Yargıtay Ceza Genel Kurulunun 03.02.2009 tarih ve 2008/11-250 Esas- 2009/13 sayılı kararında; "hükmün açıklanmasının geri bırakılmasının objektif koşullarından biri olan zarardan kast edilen maddi zarar olup, bu zararın belirlenmesinde teknik bilgiye ihtiyaç duyulmayan hallerde hakim, kanaat verici basit bir araştırma yaparak zararı belirlemelidir." denilmektedir.
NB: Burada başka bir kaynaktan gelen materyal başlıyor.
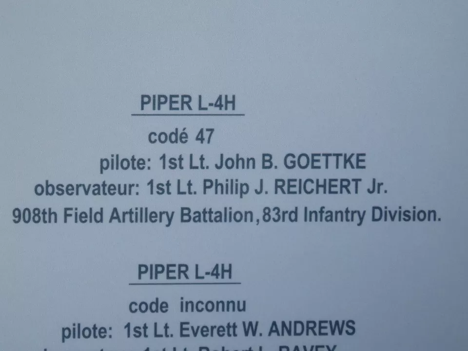 A Piper of the 908th Artillery Battalion was sent to spot enemy artillery fire. It was mortally wounded by German anti-aircraft fire and crashed at 11.30 a.m. at Trébéfour, killing the 1st Lt Goettke and Reichert.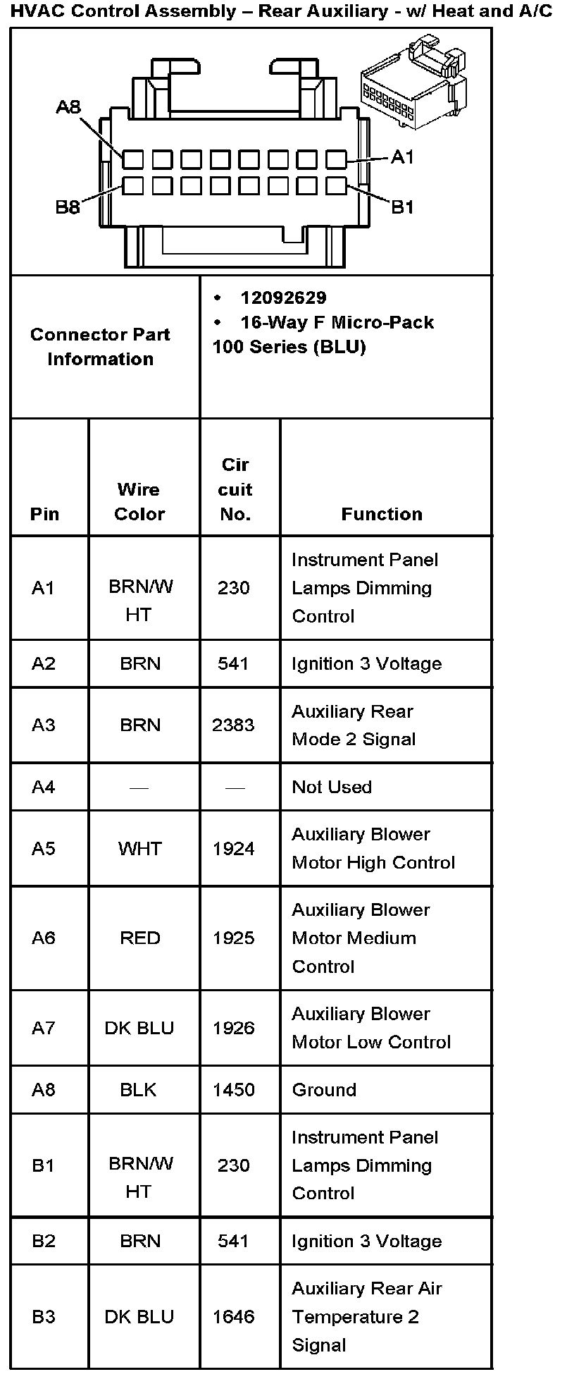 HVAC Control Assembly - Rear Auxiliary - W/ Heat And A/C Part 2: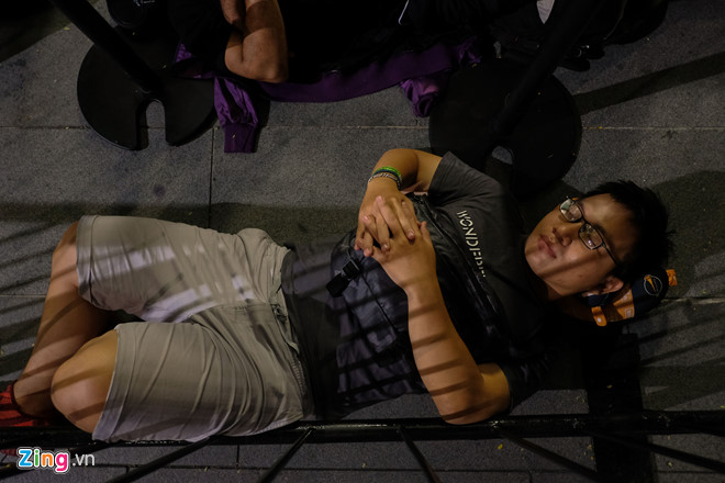 Tại đầu cầu Singapore, phóng viên Xuân Tiến cho biết bên trong Apple Store một tấm vải đen bí ẩn được treo lên. Phía ngoài, người Việt xếp hàng mua iPhone ngả lưng bất cứ nơi nào có thể vì quá mệt mỏi sau ngày dài chờ đợi iPhone.

Bu ilkeler çerçevesinde her olaya özgü ayrı değerlendirme yapılarak, maddi zararın kanaat verici basit bir araştırma ile tespit edilebilmesi gerekir. Dosya kapsamından katılanın marka hakkının ihlali suretiyle meydana gelen zararın basit bir araştırma ile tespit edilebilecek zarar niteliğinde olmadığı ve dosyaya yansıyan katılanın tespit edilmiş bir zararı bulunmadığı gözetilmeden mahkemece hükmün açıklanmasının geri bırakılması şartları arasında yer almayan “suçun işleniş şekli, olayı özellikleri” ve müdahil firmanın zararını karşılamadığı gerekçesiyle sanık hakkında CMK"nın 231. maddesinin uygulanmasına yer olmadığına karar verilmesi,
Kanuna aykırı olduğu ve sanığın temyiz nedenleri ile tebliğnamedeki düşünce yerinde görüldüğünden, HÜKMÜN BOZULMASINA, 5320 sayılı Kanunun 8. maddesi uyarınca halen yürürlükte bulunan CMUK"nın 326/son maddesi uyarınca kazanılmış hakkının saklı tutulmasına, yargılamanın bozma öncesi aşamadan başlayarak sürdürülüp sonuçlandırılmak üzere dosyanın esas/hüküm mahkemesine gönderilmesine, 30.06.2015 tarihinde oybirliğiyle karar verildi.